### ACTIVITY:
The response should repeat word for word every line below from the one with "Платье из трикотажного" to the one with "ホワイトシャツ サマー薄手トップス ロング", inclusive, and nothing else; leave pictures out.

### INFORMATION GIVEN:

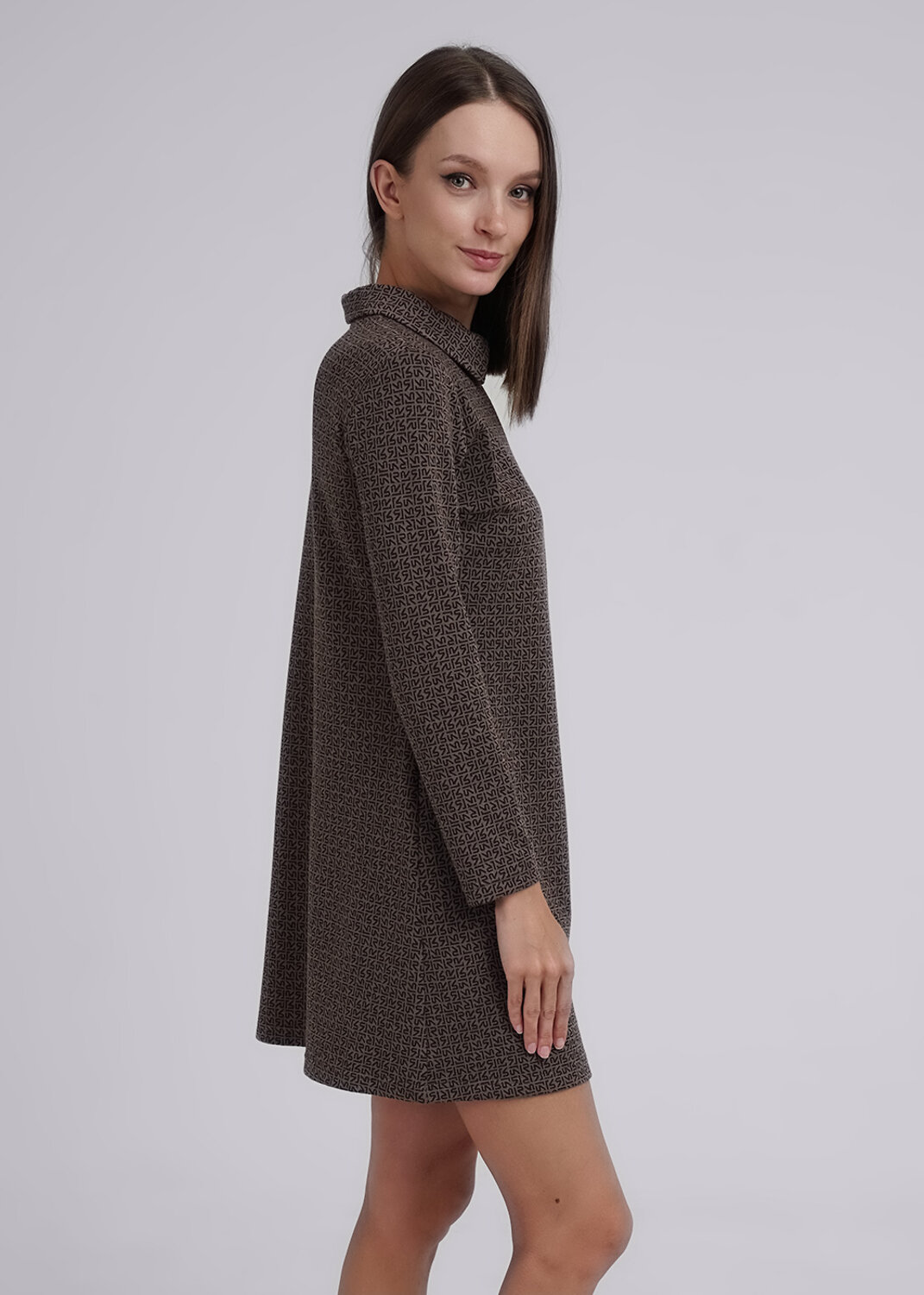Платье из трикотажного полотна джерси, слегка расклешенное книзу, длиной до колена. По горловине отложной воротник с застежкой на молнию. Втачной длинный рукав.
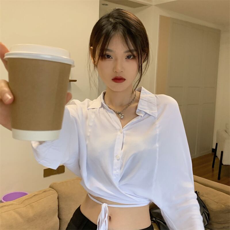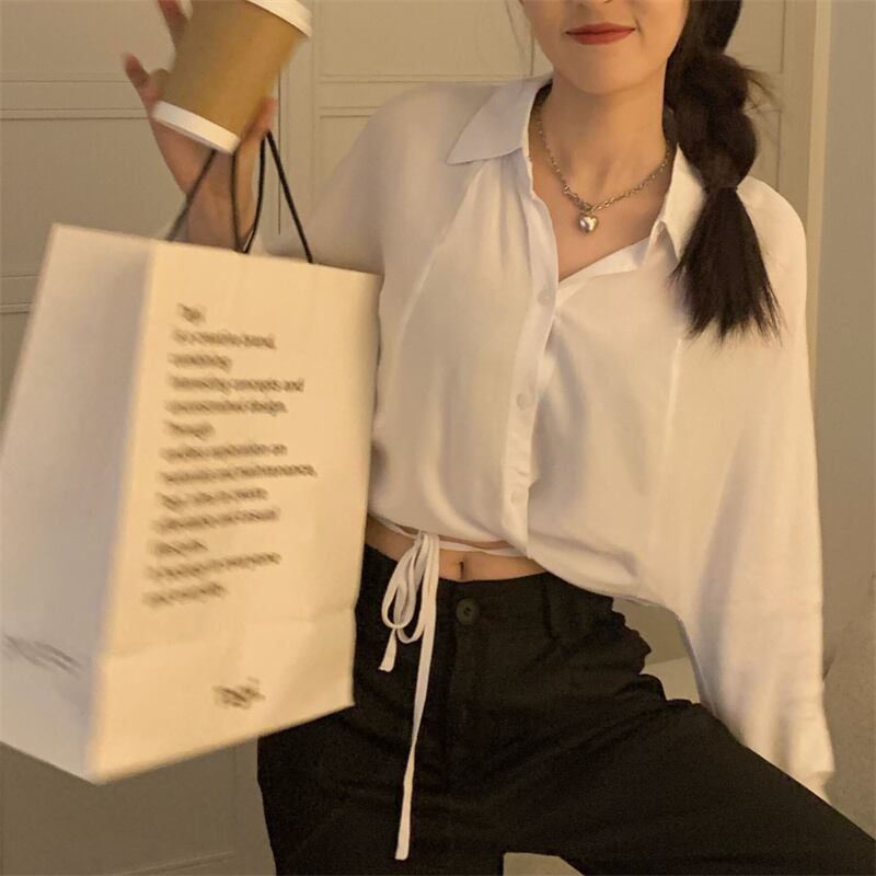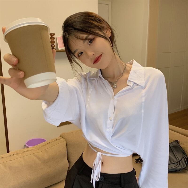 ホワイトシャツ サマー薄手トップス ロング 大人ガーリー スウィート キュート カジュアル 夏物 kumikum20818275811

---

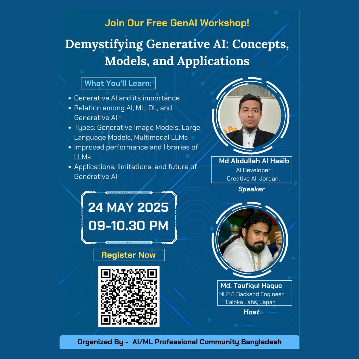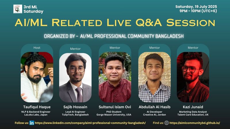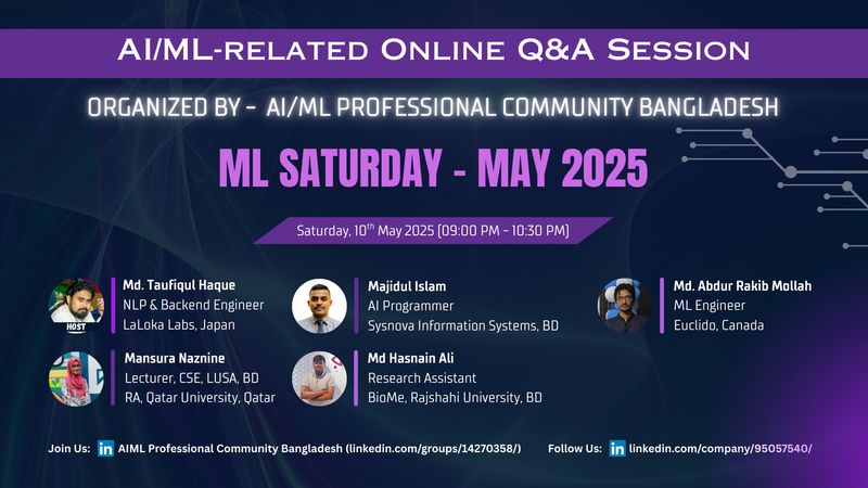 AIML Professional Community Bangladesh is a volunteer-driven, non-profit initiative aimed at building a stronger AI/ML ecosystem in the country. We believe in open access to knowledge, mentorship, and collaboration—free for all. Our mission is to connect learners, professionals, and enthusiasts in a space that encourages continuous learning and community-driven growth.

### ANSWER SPACE:
Платье из трикотажного полотна джерси, слегка расклешенное книзу, длиной до колена. По горловине отложной воротник с застежкой на молнию. Втачной длинный рукав.
 ホワイトシャツ サマー薄手トップス ロング 大人ガーリー スウィート キュート カジュアル 夏物 kumikum20818275811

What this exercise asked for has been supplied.